I have a 1992 Toyota Corolla it has been leaking water so I bought a new water pump. I took the old water pump off and was going to put the new one on myself the next day someone else did it without my permission I then had to replace the alternator which had been fine until the water pump was put on so today I replaced that it seemed fine until I drove it a lot of water came out while I was driving then the check engine light came on now my car wont start. Any ideas of what might have happened?
WAY too many variables to guess at but why did you assume the water pump was the source of the leak? Did you actually see it leaking? That could be it but there's a lot of other more likely things to look at first like corroded core plugs, loose hose clamps, and things like that.
Why did you have to replace the generator? They can fail at any time but just removing and reinstalling it won't hurt it. Could some wires have been left off? There might be a really big fuse for it that blew if the output terminal got bumped against the engine and the battery wasn't disconnected first.
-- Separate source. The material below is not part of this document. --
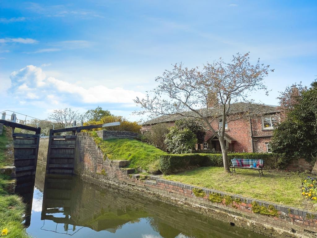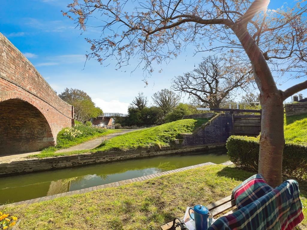 The front garden is laid to lawn, being fully enclosed and approached through wooden gates with gravelled area leading to the garage. There are various seating areas, and mature trees and bushes with two outbuildings and a vegetable patch. The rear garden overlooks the lock and canal offering a tranquil seating area with lawn and box hedging. It is fully enclosed.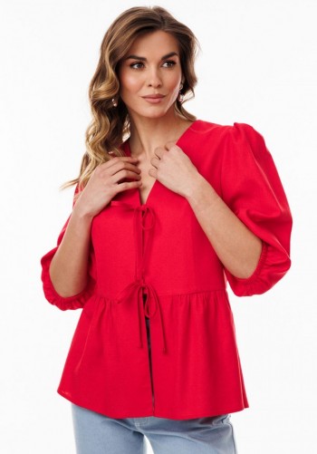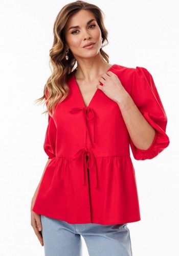 Блузка из жаккардовой тонкой плательно-блузочной ткани. Блузка прямого силуэта, длиной до линии бедер. По переду обработаны нагрудные вытачки и центральная застежка встык с планками на пять навесных петель и пуговиц. Спинка цельная. Горловина округлой формы, обработана воротником-стойкой. Рукав рубашечного покроя, одношовный, расширенный к низу. Низ рукава и низ блузки обработаны широкими обтачками. Блузка декорирована по верху полочек кружевом в цвет основной ткани. Длина блузки: р. 44-48 - 64 см, р. 50-54 - 65,5 см. Длина рукава: р.44-48 - 77см, р.50-54 - 78,5 см.

October, 8, 2012 AT 3:21 AM
I checked the hoses and loose clamps, The water seemed to only be coming from the water pump itself. I changed the altenator not the generator lol. The car had to be driven home from the friends house to mine, by the time we got home you could smell and electrical smell coming from the alternator the next day the car had to be jumped and it was running pretty much on battery so today I put the new alternator in the old one was toast had it test to make sure that is was toast before I bought the new one.
October, 8, 2012 AT 3:47 AM
Nice catch, but as a former instructor I found it extremely important to use correct terminology to avoid confusion. Along those lines, you actually have an "AC generator". The "alternator" was introduced by Chrysler in 1960 and they copyrighted the term. Everyone will know what you mean when you say "alternator" but the industry has been standardizing terminology and they chose the more confusing AC generator.
That aside, there's no better proof than seeing a leak. As for the altern, ... Ah, ... AC generator, without being there to see how things went down, there really isn't much you can do to damage it. When you can smell it, that's a sign it had a shorted diode. That will reduce the output to exactly one third of its rated current which usually isn't enough to meet the needs of the entire electrical system.
As for the no-start condition, don't disconnect the battery because since the Check Engine light turned on there will be at least one diagnostic fault code stored in the Engine Computer. That code will be the place to start.
October, 8, 2012 AT 4:27 AM
I didn't know that about the AC generator? Thanks that's good to know. I will start there after work tomorrow. Thank you for your time have a good nite.